↓
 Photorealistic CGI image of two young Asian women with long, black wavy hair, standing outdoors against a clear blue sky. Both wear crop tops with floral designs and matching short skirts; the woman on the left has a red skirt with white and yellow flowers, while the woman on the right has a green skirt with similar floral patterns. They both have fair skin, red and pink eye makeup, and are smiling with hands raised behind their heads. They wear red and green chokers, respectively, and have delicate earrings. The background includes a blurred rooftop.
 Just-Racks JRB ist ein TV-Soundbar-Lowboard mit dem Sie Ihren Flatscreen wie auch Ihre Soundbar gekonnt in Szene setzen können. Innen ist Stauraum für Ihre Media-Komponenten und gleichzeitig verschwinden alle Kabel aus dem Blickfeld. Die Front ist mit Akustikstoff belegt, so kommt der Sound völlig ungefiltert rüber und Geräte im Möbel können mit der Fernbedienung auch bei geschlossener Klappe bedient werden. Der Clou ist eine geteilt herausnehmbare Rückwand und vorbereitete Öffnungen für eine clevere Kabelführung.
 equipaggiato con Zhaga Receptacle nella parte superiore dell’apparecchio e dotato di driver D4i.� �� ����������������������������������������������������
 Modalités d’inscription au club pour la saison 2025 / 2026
↑
↓
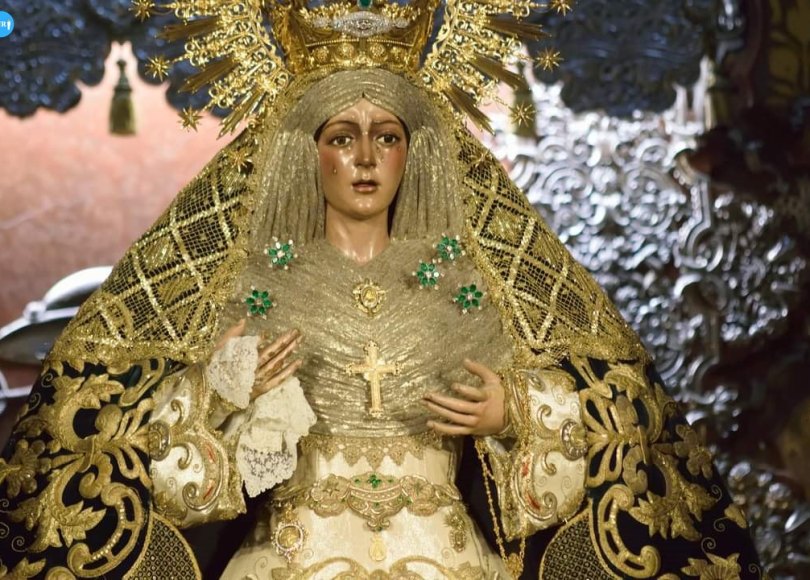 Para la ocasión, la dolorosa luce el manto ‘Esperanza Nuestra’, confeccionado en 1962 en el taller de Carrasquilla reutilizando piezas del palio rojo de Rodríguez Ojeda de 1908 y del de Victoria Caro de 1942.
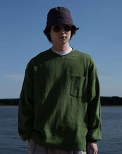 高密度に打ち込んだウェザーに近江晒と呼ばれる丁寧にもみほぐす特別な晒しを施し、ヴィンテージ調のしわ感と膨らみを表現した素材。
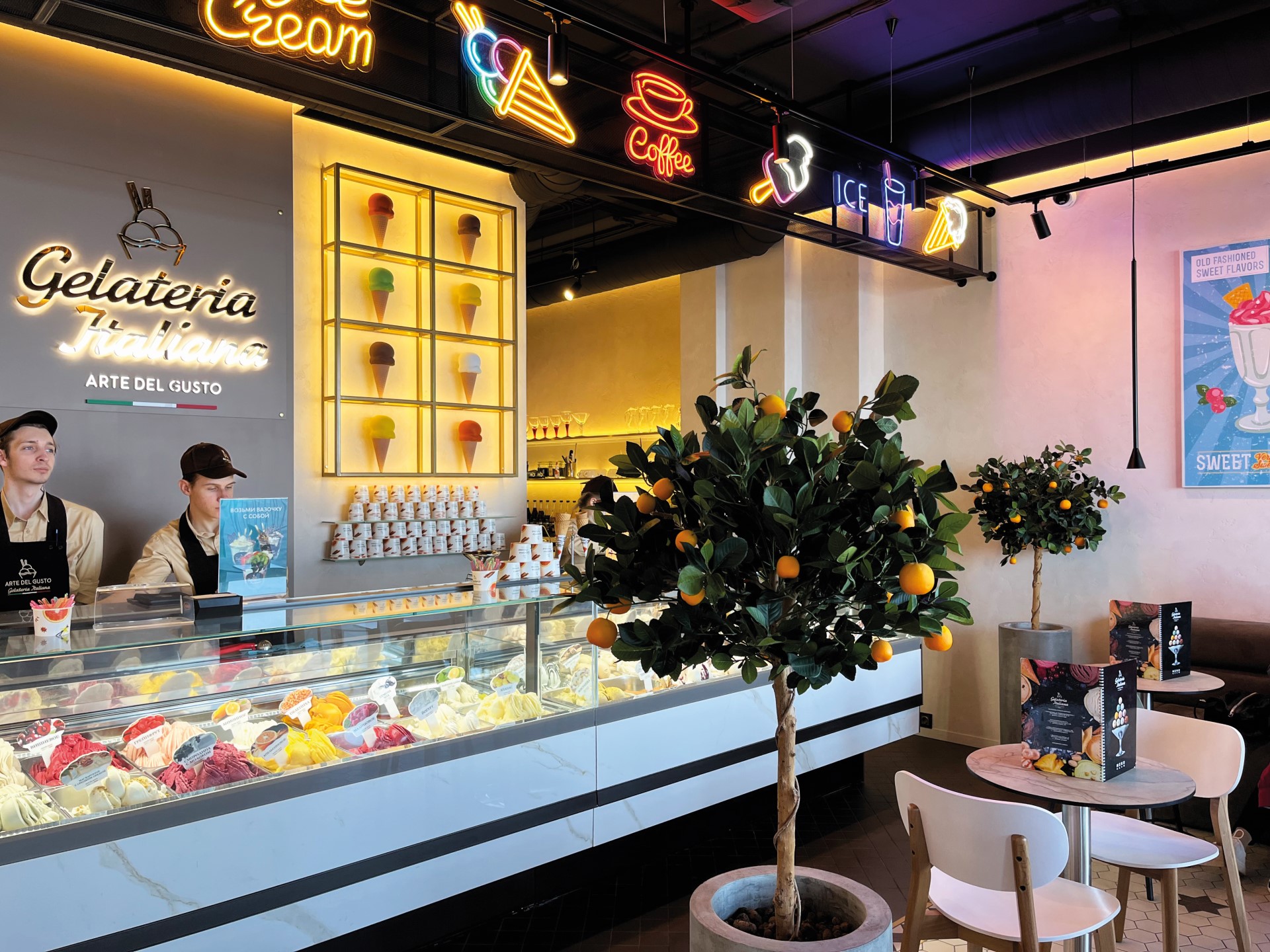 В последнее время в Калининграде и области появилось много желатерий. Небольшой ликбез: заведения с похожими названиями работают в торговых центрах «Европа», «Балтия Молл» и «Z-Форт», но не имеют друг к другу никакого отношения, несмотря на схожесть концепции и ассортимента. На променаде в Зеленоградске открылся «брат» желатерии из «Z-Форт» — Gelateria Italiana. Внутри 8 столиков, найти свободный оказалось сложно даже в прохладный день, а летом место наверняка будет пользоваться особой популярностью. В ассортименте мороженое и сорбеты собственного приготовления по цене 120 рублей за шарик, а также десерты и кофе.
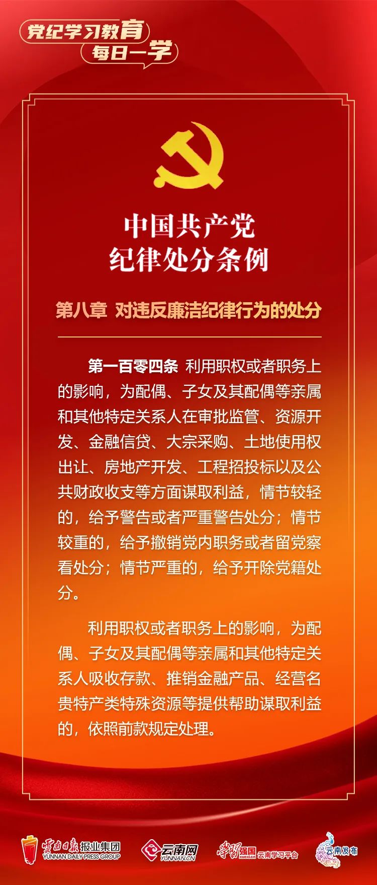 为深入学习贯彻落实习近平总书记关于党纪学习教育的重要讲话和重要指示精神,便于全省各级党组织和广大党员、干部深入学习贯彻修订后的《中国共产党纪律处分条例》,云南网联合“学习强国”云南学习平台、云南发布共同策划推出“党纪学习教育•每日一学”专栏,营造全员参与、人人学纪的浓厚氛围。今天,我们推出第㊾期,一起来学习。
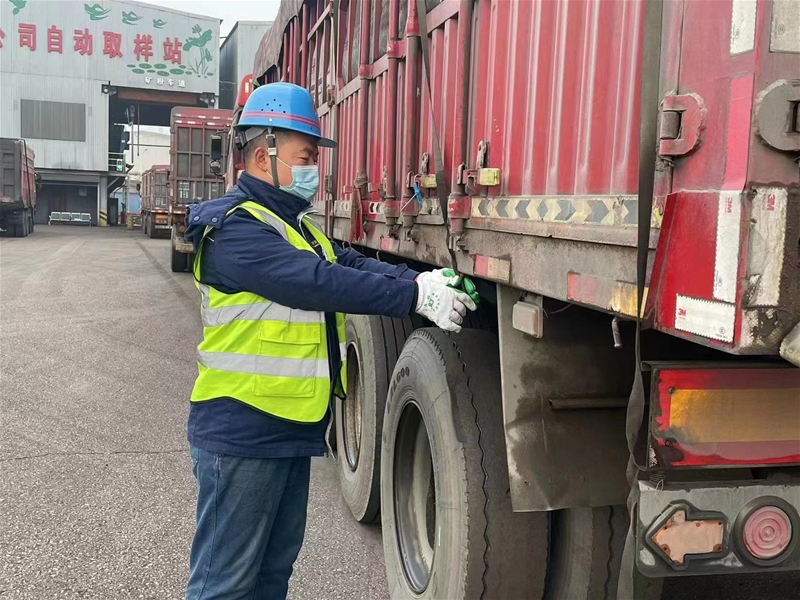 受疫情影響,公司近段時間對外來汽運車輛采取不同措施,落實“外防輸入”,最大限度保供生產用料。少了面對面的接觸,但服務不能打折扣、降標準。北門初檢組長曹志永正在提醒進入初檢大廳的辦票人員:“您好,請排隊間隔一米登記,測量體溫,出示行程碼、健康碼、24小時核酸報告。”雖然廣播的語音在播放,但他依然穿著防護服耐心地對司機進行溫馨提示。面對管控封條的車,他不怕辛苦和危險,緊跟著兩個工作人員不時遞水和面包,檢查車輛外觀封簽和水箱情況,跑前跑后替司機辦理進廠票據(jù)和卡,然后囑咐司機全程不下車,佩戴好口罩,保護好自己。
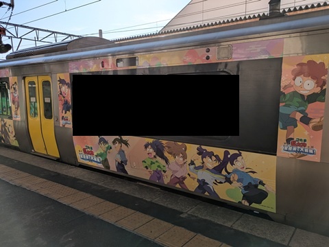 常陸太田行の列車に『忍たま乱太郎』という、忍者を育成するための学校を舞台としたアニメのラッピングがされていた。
↑
• _Aim of the task_
Reproduce the listing above only between the lines holding "Para la ocasión, la" and "常陸太田行の列車に『忍たま乱", inclusive. Every line must match exactly, and pictures are dropped.

• _Reply to the task_
 Para la ocasión, la dolorosa luce el manto ‘Esperanza Nuestra’, confeccionado en 1962 en el taller de Carrasquilla reutilizando piezas del palio rojo de Rodríguez Ojeda de 1908 y del de Victoria Caro de 1942.
 高密度に打ち込んだウェザーに近江晒と呼ばれる丁寧にもみほぐす特別な晒しを施し、ヴィンテージ調のしわ感と膨らみを表現した素材。
 В последнее время в Калининграде и области появилось много желатерий. Небольшой ликбез: заведения с похожими названиями работают в торговых центрах «Европа», «Балтия Молл» и «Z-Форт», но не имеют друг к другу никакого отношения, несмотря на схожесть концепции и ассортимента. На променаде в Зеленоградске открылся «брат» желатерии из «Z-Форт» — Gelateria Italiana. Внутри 8 столиков, найти свободный оказалось сложно даже в прохладный день, а летом место наверняка будет пользоваться особой популярностью. В ассортименте мороженое и сорбеты собственного приготовления по цене 120 рублей за шарик, а также десерты и кофе.
 为深入学习贯彻落实习近平总书记关于党纪学习教育的重要讲话和重要指示精神,便于全省各级党组织和广大党员、干部深入学习贯彻修订后的《中国共产党纪律处分条例》,云南网联合“学习强国”云南学习平台、云南发布共同策划推出“党纪学习教育•每日一学”专栏,营造全员参与、人人学纪的浓厚氛围。今天,我们推出第㊾期,一起来学习。
 受疫情影響,公司近段時間對外來汽運車輛采取不同措施,落實“外防輸入”,最大限度保供生產用料。少了面對面的接觸,但服務不能打折扣、降標準。北門初檢組長曹志永正在提醒進入初檢大廳的辦票人員:“您好,請排隊間隔一米登記,測量體溫,出示行程碼、健康碼、24小時核酸報告。”雖然廣播的語音在播放,但他依然穿著防護服耐心地對司機進行溫馨提示。面對管控封條的車,他不怕辛苦和危險,緊跟著兩個工作人員不時遞水和面包,檢查車輛外觀封簽和水箱情況,跑前跑后替司機辦理進廠票據(jù)和卡,然后囑咐司機全程不下車,佩戴好口罩,保護好自己。
 常陸太田行の列車に『忍たま乱太郎』という、忍者を育成するための学校を舞台としたアニメのラッピングがされていた。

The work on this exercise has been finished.